Both phases emit `KindLocalHelm` folders, which all existing deployers handle:

| Deployer | Phase 1 (OLM) | Readiness Gate | Phase 2 (CR) |
|----------|---------------|----------------|--------------|
| Helm | `helm upgrade --install` via `install.sh` | `--wait --timeout` (readiness Job) | `helm upgrade --install` |
| Argo CD | `Application` CR, sync-wave N | `Application` CR, sync-wave N+1 | `Application` CR, sync-wave N+2 |

**Argo CD example:**

```bash
aicr bundle -r recipe.yaml --deployer argocd --readiness-hooks -o ./ocp-bundle
```

Argo CD bundles emit `Application` CRs with sync-wave annotations that enforce the OLM → readiness → CR ordering within Argo CD's sync mechanism.
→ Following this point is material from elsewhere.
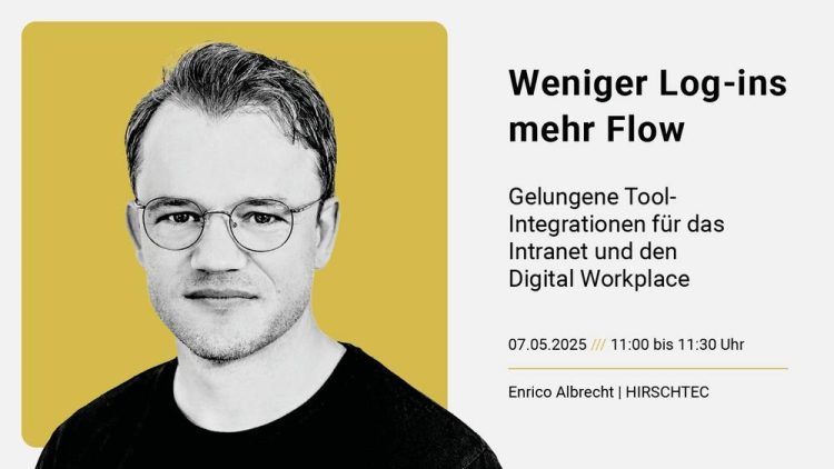 Zu viele Tools, zu viele Log-ins und Passwort-Schranken, zu wenig synchronisierte Informationen und Services? Damit ist jetzt Schluss! In unserem Webinar zeigt Ihnen Enrico Albrecht, wie smarte Tool-Integrationen den Digital Workplace optimieren, die User Experience verbessern und den Arbeitsalltag wirksam erleichtern. Wir erläutern, welche Integrationsmöglichkeiten es gibt: vom einfachen Absprung bis hin zur tiefen Einbindung.…Continue reading Weniger Log-ins, mehr Flow: Gelungene Tool-Integrationen für das Intranet und den Digital Workplace (Webinar | Online)

**Without readiness hooks:**

```bash
aicr bundle -r recipe.yaml -o ./ocp-bundle
```

Without `--readiness-hooks`, OLM and CR charts still deploy but there is no gate between them. The CR may be applied before the operator is ready, which can cause transient errors until the operator catches up.

## Values Structure

All OCP components follow a consistent values structure. Understanding this pattern makes it straightforward to customize any operator, whether currently supported or added in the future.

### OLM Values (Phase 1)

Every `*-ocp-olm` component uses the same values shape to control the OLM Subscription:

```yaml
namespace: <operator-namespace>
subscription:
  name: <subscription-name>
  channel: <olm-channel>
  source: <catalog-source>                 # e.g., certified-operators, redhat-operators
  sourceNamespace: openshift-marketplace
  installPlanApproval: Automatic           # or Manual
operatorGroup:
  name: <operator-group-name>
  targetNamespaces:                        # empty list = AllNamespaces install mode
    - <operator-namespace>
```

### CR Values (Phase 2)

Every `*-ocp` component carries values that define the operator's Custom Resource spec. The structure varies per operator but mirrors the upstream Helm chart values for cross-service consistency:

```yaml
name: <cr-instance-name>
# Operator-specific configuration — flat keys (no `spec.` prefix); the
# template maps them into the CR `spec`. Keys match the upstream Helm chart
# values where applicable, e.g. an override is `--set gpuoperatorocp:driver.rdma.enabled=false`.
driver:
  rdma:
    enabled: true
```

The actual values files live in `recipes/components/<component>/values.yaml`, with optional service/intent-specific overrides named `values-<service>[-<intent>].yaml` (e.g., `values-eks-training.yaml`). Overlays reference these via `valuesFile` in `componentRefs`. The `gpu-operator-ocp` component currently ships only a base `values.yaml`; the `ocp-training` overlay carries no component value overrides.

## Overlay Structure

OCP overlays follow the standard base-plus-overlay inheritance pattern used by all AICR services:

```text
base.yaml → ocp.yaml → ocp-<intent>.yaml → ocp-<intent>-<platform>.yaml
```

The **base OCP overlay** (`ocp.yaml`) declares the OLM/CR component pairs for all operators supported on the platform and disables base components that are either replaced by OLM equivalents or not applicable to OpenShift (e.g., components managed natively by OCP or not yet supported).

**Intent overlays** (e.g., `ocp-training.yaml`) inherit from the base and apply workload-specific values overrides to operator CRs.


This hierarchy mirrors the overlay structure of other services (EKS, GKE, AKS) and supports the same composition mechanisms — base inheritance, intent specialization, and platform extensions.